▸ **Stored data**
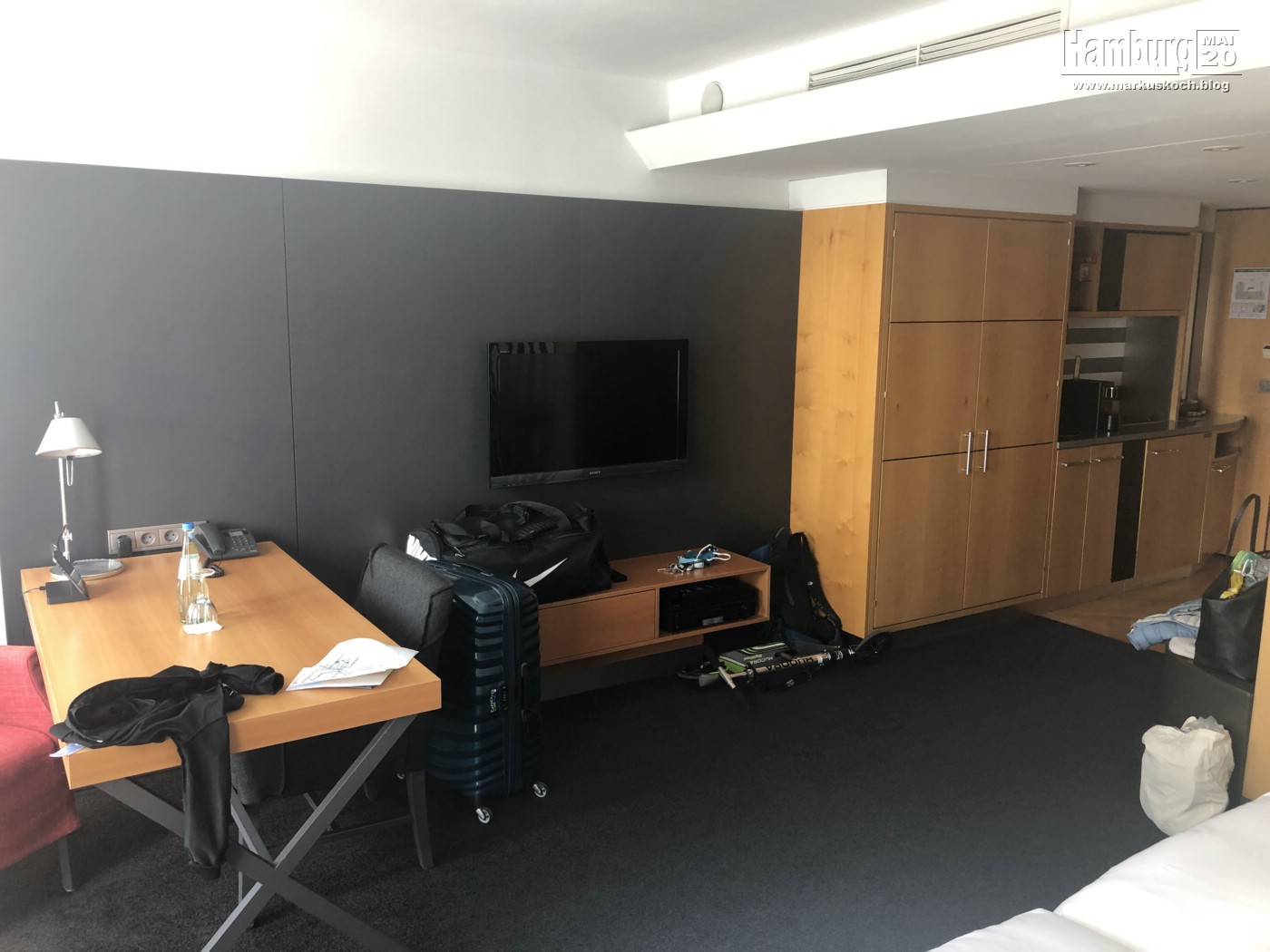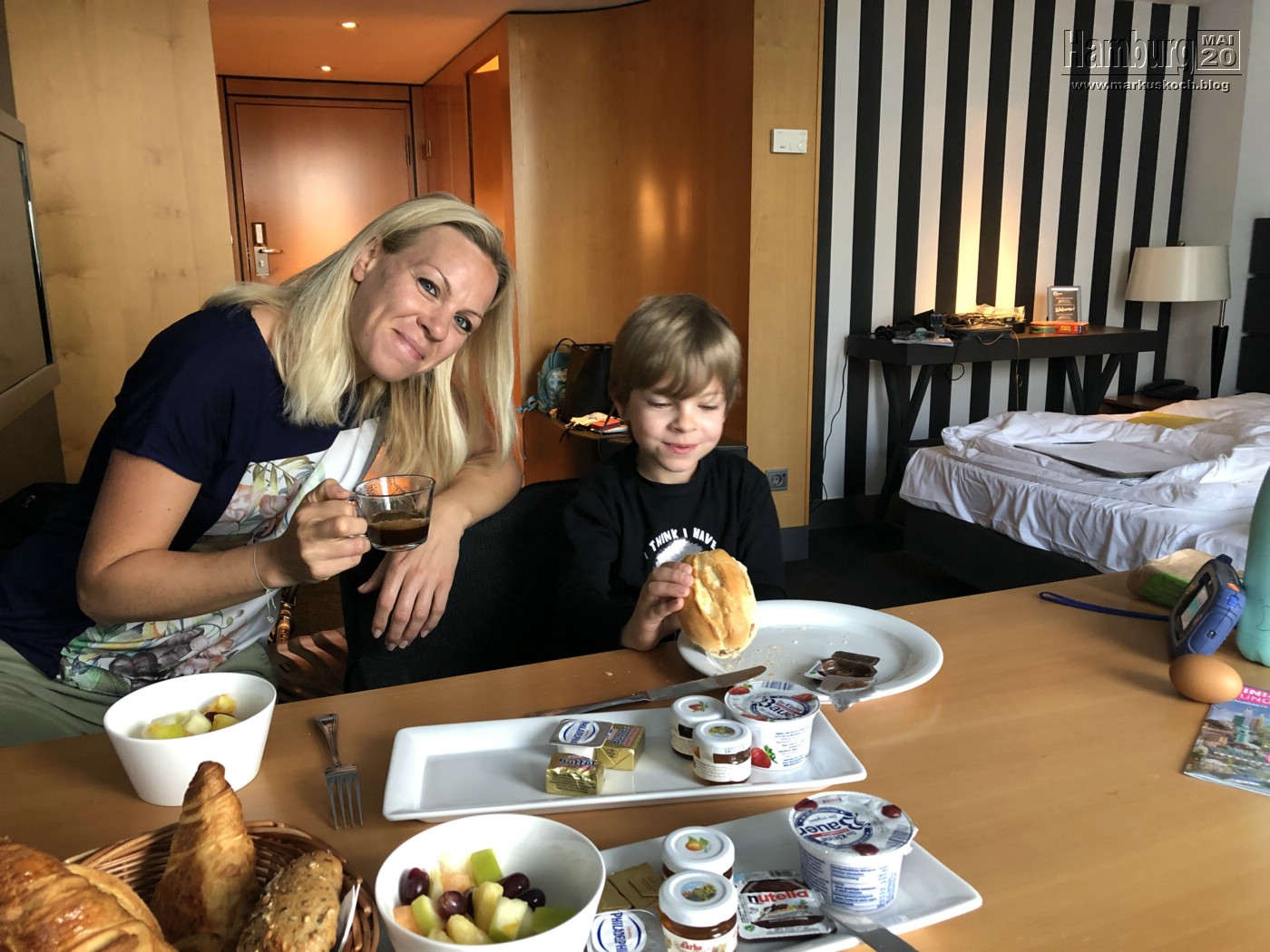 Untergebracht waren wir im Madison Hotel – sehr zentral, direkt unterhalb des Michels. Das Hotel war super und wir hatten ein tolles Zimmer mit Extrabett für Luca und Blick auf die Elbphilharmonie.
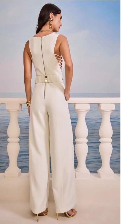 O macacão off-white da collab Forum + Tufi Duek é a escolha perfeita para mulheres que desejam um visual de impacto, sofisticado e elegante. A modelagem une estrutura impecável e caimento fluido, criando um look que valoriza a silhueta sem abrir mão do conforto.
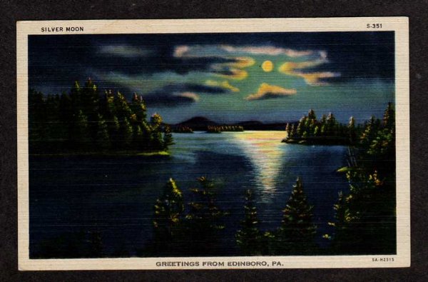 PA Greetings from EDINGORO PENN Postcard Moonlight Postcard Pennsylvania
---
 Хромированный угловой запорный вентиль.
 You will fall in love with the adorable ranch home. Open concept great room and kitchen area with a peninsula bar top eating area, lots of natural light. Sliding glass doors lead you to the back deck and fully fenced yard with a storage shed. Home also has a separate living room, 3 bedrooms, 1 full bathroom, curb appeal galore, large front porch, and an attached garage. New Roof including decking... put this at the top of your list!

▸ **Work task**
Copy the lines above between the one holding "Untergebracht waren wir" and the one holding "PA Greetings from", inclusive. Drop the pictures.

▸ **Result of this exercise**
 Untergebracht waren wir im Madison Hotel – sehr zentral, direkt unterhalb des Michels. Das Hotel war super und wir hatten ein tolles Zimmer mit Extrabett für Luca und Blick auf die Elbphilharmonie.
 O macacão off-white da collab Forum + Tufi Duek é a escolha perfeita para mulheres que desejam um visual de impacto, sofisticado e elegante. A modelagem une estrutura impecável e caimento fluido, criando um look que valoriza a silhueta sem abrir mão do conforto.
 PA Greetings from EDINGORO PENN Postcard Moonlight Postcard Pennsylvania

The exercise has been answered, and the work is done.